Higher utilization is valuable only while per-request latency remains bounded.

Description: The bars compare Static batch with Continuous batch on the article's dominant cost axis. Their lengths are explanatory, not universal benchmark values. The design is worthwhile only when the stated gain, “Completed rows are replaced without draining the batch.”, remains larger than the risk, “Greedy admission can starve decode or long prompts.”, under production traffic.

Memory admission precedes compute admission. A request that fits the next token budget may not fit future KV growth. Reserve prompt blocks plus a bounded decode allowance, then update reservations as output progresses. Reject or queue before allocator exhaustion.

The scheduler coordinates heterogeneous sequence phases inside one iteration loop.

Description: State advances from Waiting to Prefilling, Decoding, and finally Finished. The labels below each state identify what becomes true at that boundary.
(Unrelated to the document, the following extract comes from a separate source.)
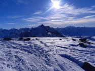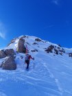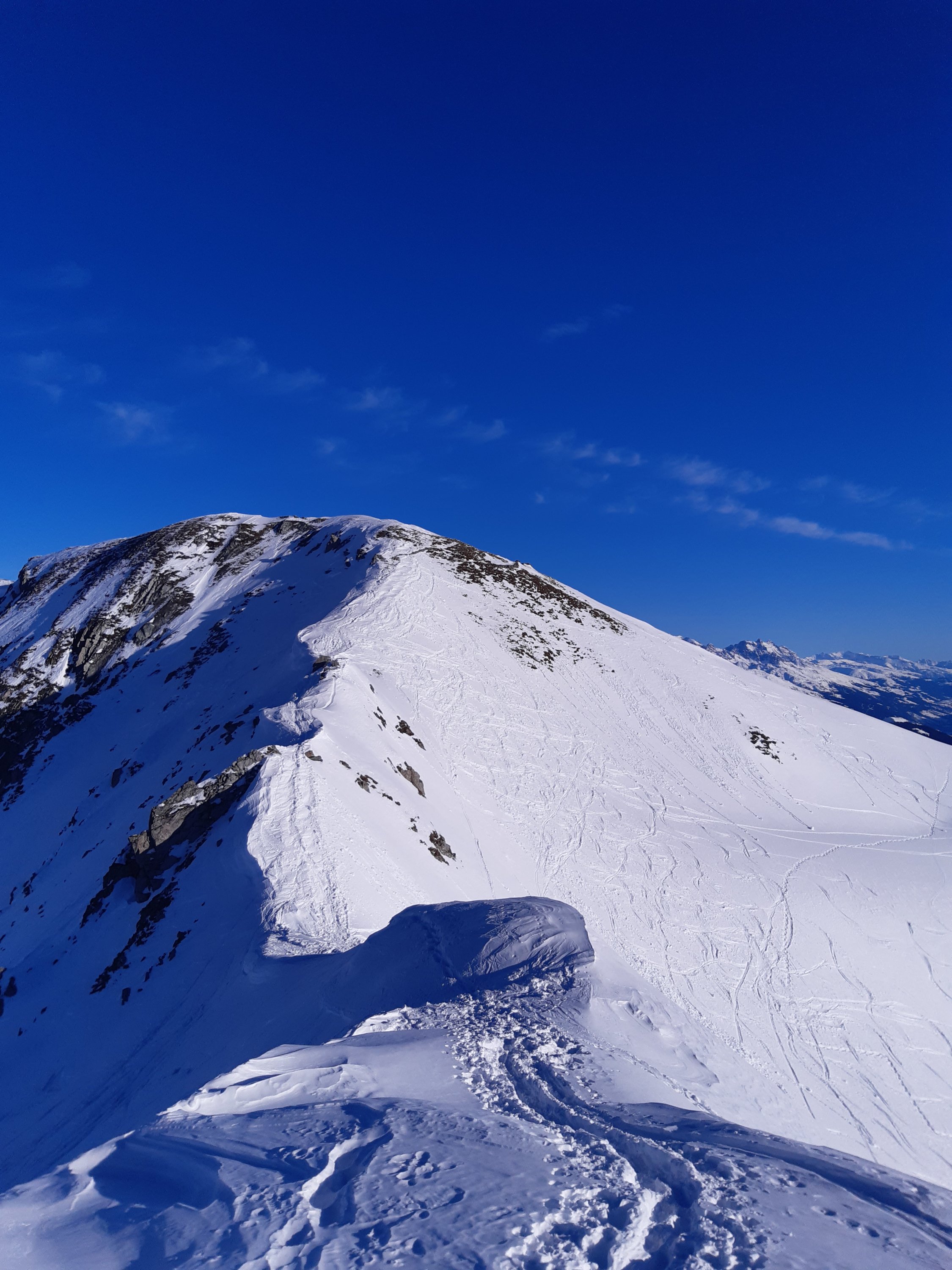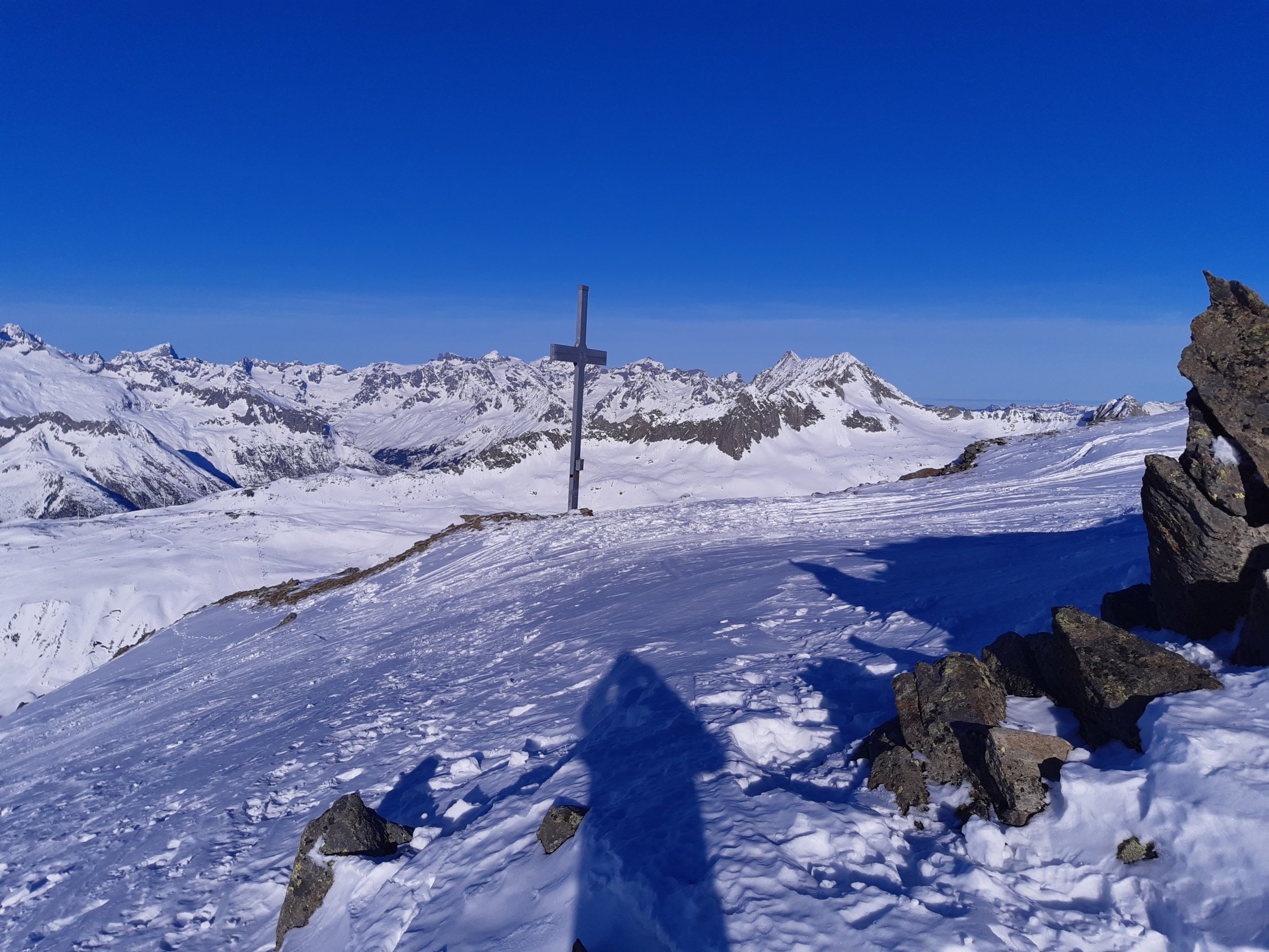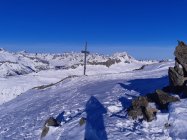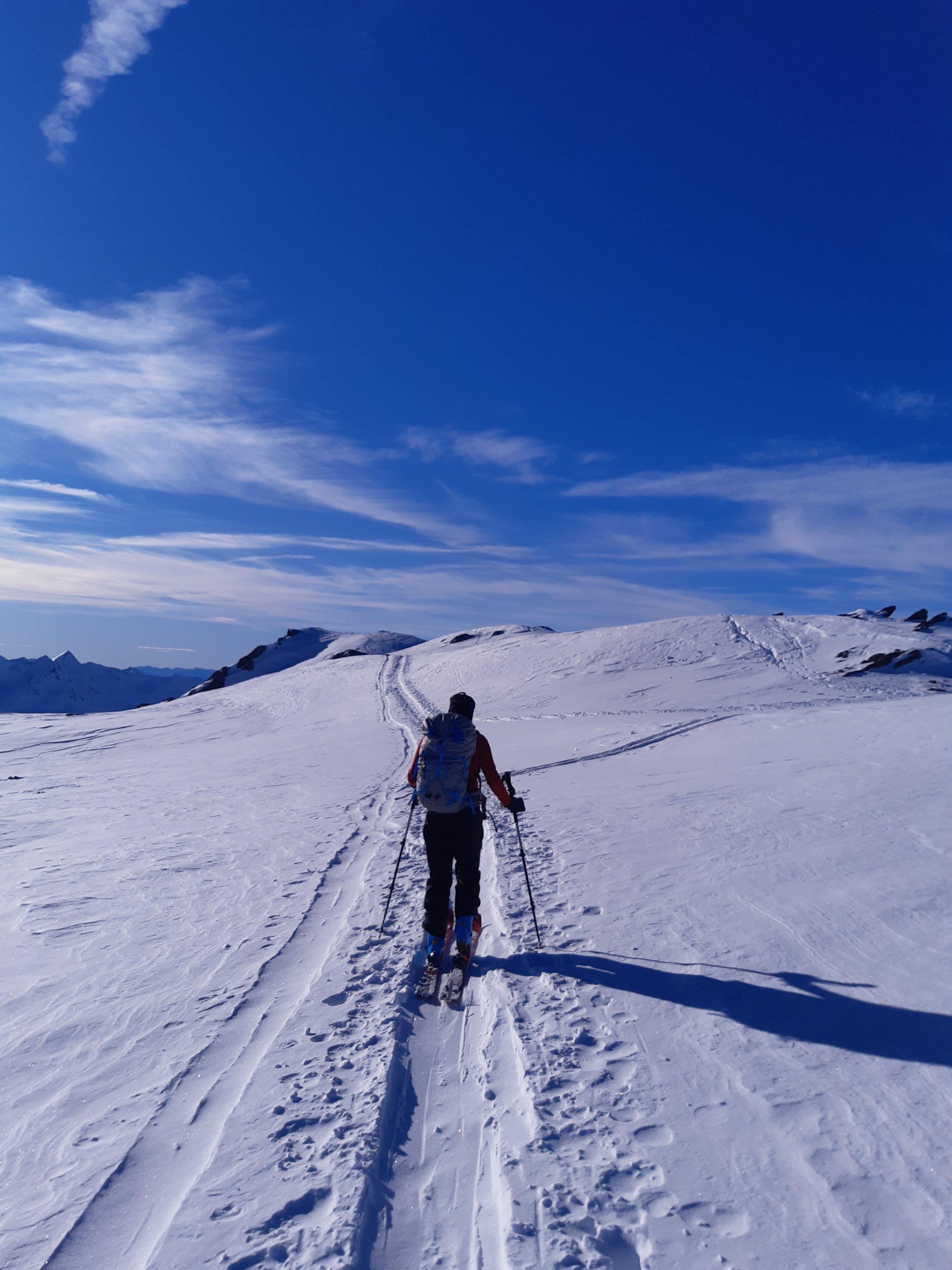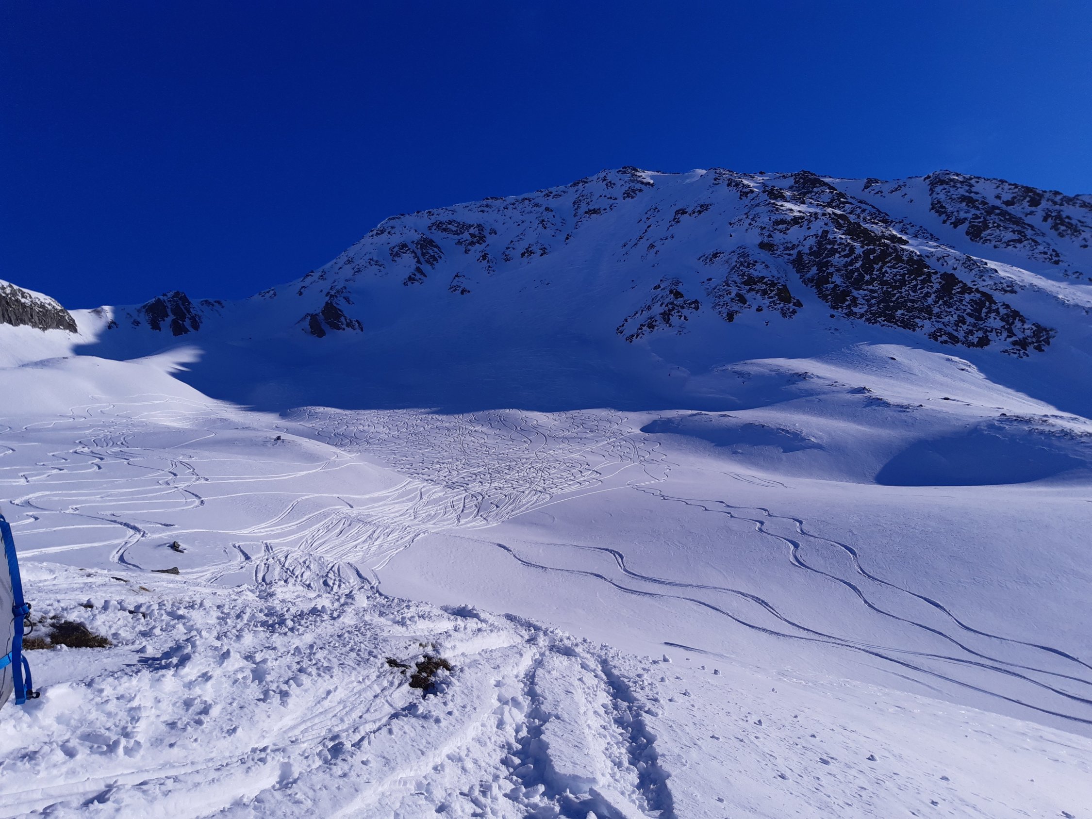 Genug Schnee, aber an den Verbindungsstellen Pazolastock zu Rossbodenstock ist abschnallen angesagt. Frühjahrsverhältnisse.
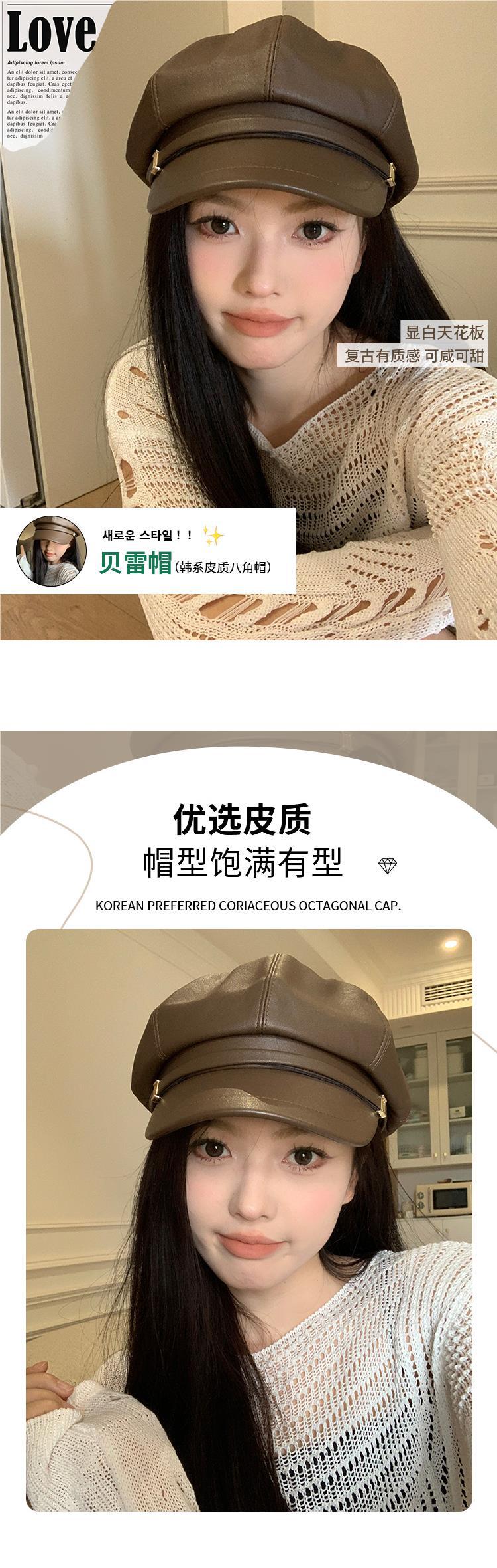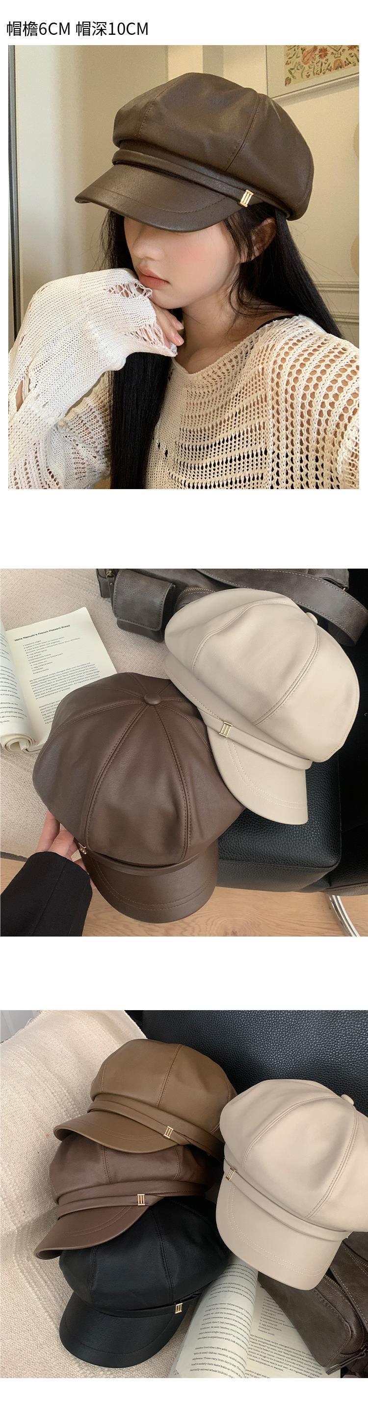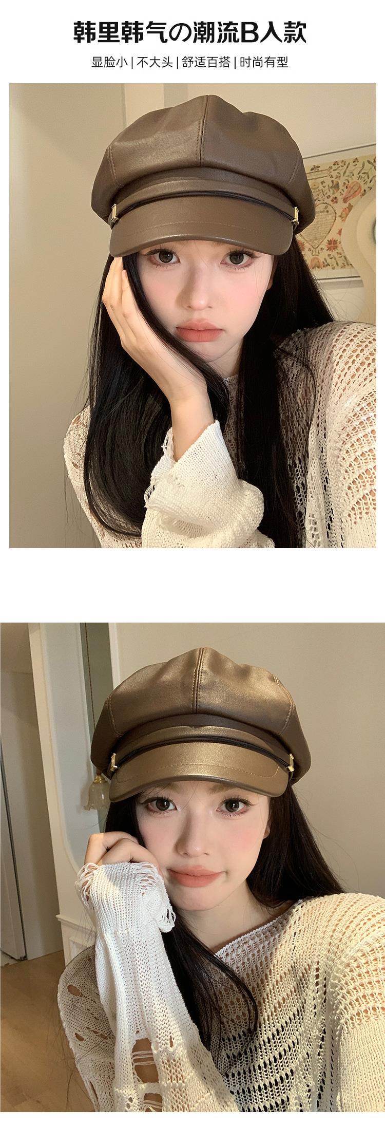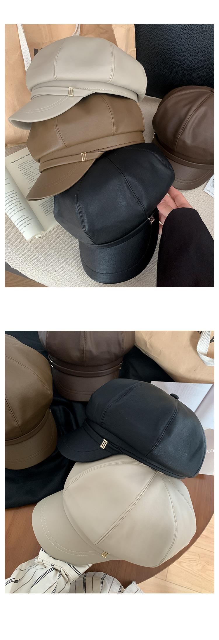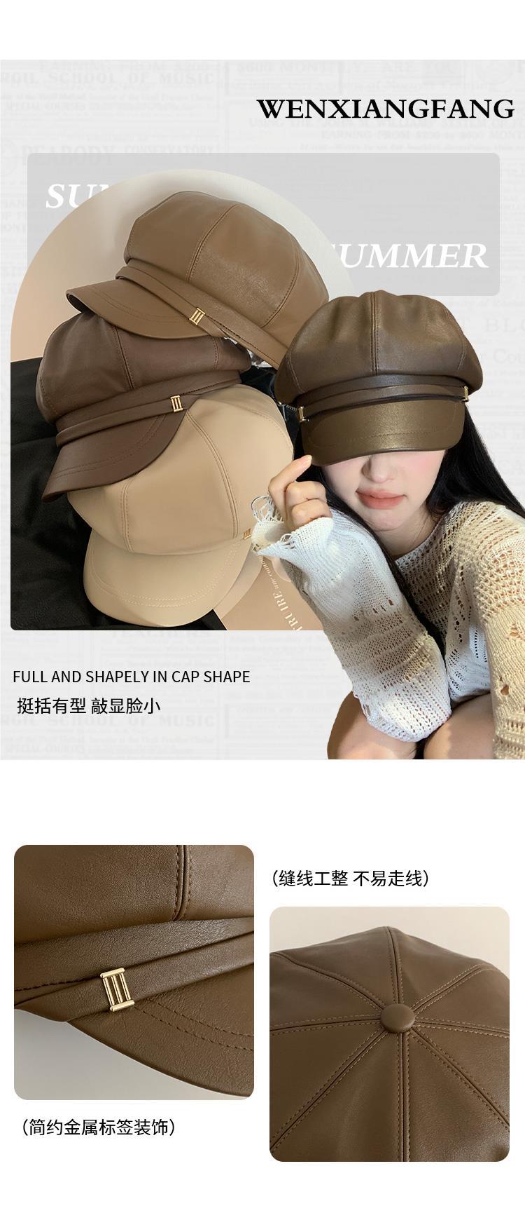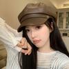 Boina de PU de moda para mujer, de verano, fina, elegante, combinable, con cabeza grande, pequeña, octogonal, a la moda, 2024

The governing invariant is: A sequence may move from prefill to decode only after its prompt state is complete. Retries and cancellation must preserve the same transition rules.

Continuous batching is a multi-objective online scheduler.

Description: The four panels are independent review axes: Goodput, Latency, Fairness, and Memory. A design is incomplete when one panel is optimized while another is left implicit. Use the bottom note as the cross-panel operating rule: Expose per-iteration prefill tokens, decode tokens, and admission reason.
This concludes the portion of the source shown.